The agency demanded future scores of at least 80 percent on quality assurance reviews.
It ordered Children's Home Society to submit a written plan for improvement.
"We agreed with the findings," said Bundy, the society's CEO. He said his agency is working with the universities of South Florida and Central Florida to catch red flags earlier. He said the agency found it wasn't making changes fast enough in Hillsborough and redesigned the program with major staff changes.
At Hillsborough Kids, Rainey said, his agency has reviewed 1,800 cases and introduced changes.

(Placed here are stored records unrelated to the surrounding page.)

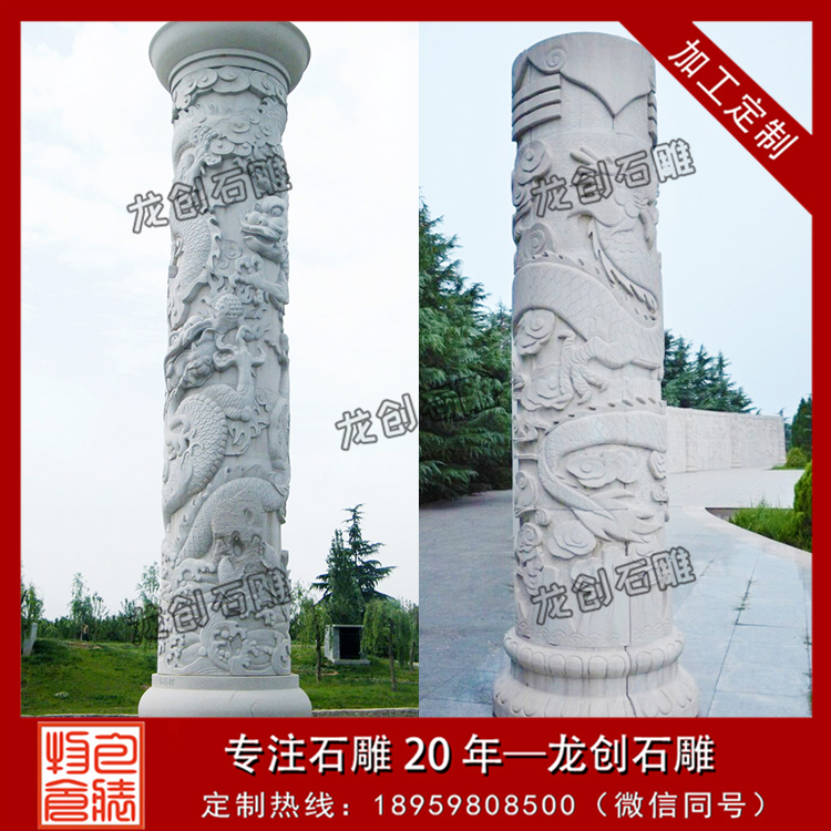 一般情況下,高度6米,直徑0.8m,材質選擇白石,采用圓浮雕結合的雕刻工藝,價格在2萬元左右一根;規格尺寸和選用的材質不變,但是采用浮雕和鏤雕結合的雕刻工藝,價格在4萬元左右一根。如果采用透雕工藝價格就更貴了。
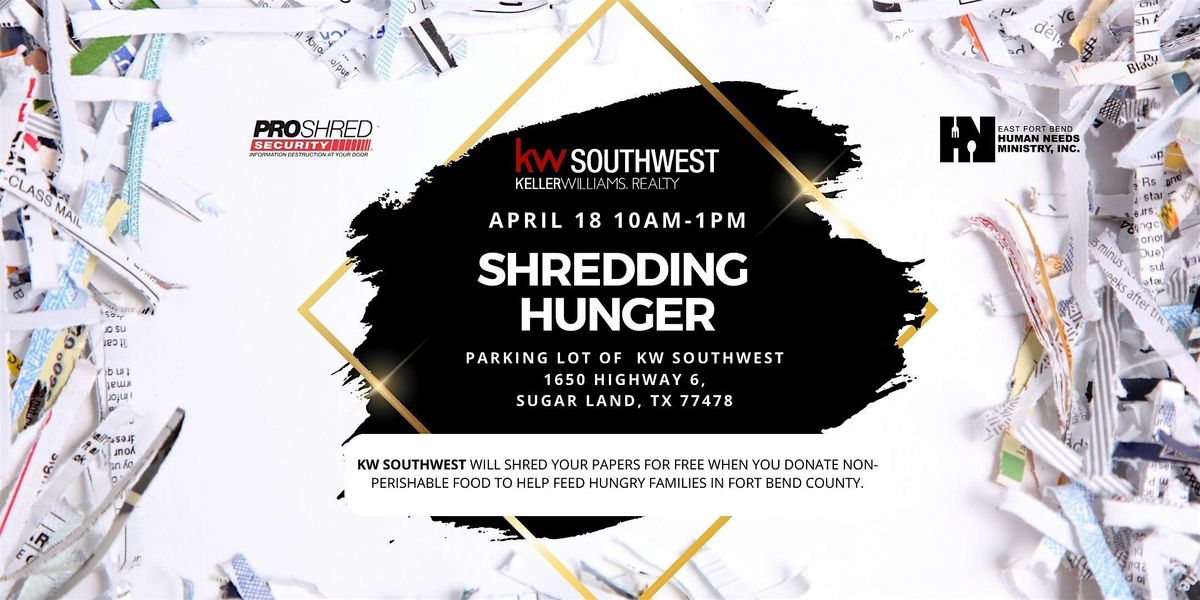 KW Southwest will shred your papers for FREE when you donate cash or non-perishable food to help feed hungry families in Fort Bend County. All donations will go directly to East Fort Bend Human Needs Ministry, Inc.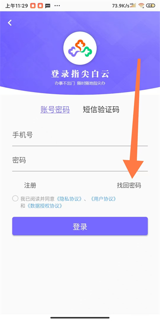 1、在指尖白云app登錄頁面,點擊找回密碼選項,進入找回密碼界面。

They include the pending creation of a special dependency court for the highest-risk cases. It will be presided over by Circuit Judge Katherine Essrig.
New software will flag families at high risk for abuse: those with teen mothers, day care problems, past domestic violence and parents who were abused as children. Most of the factors showed up in the eight deaths. The agency also has started a Family Finding program to identify biological or adoptive family members, teachers, coaches, and friends to form support teams for children.
Rainey said frontline workers will have to take an additional 16 hours of training to learn how to size up families and household environments.
He said supervisors, too, will get more training and will be equipped with devices that alert them to problems found during home visits.
DCF's Carroll said the changes are all good.
"But in the end, what we are looking for is improved performance."
Robin Rosenberg, deputy director of Florida's Children First, serves on the committee that will review bids when Hillsborough Kids seeks to renew its contract. She said she hasn't yet formed an opinion, but she said the number of deaths "is alarmingly high."
DCF, she notes, has shown before that it's not afraid to make big changes to give kids and families a better shot to survive and thrive.
"Safety is important, but it is not everything," she said. "We could lock kids in padded cells and they would be safe. We have to do a lot more to make sure they do well."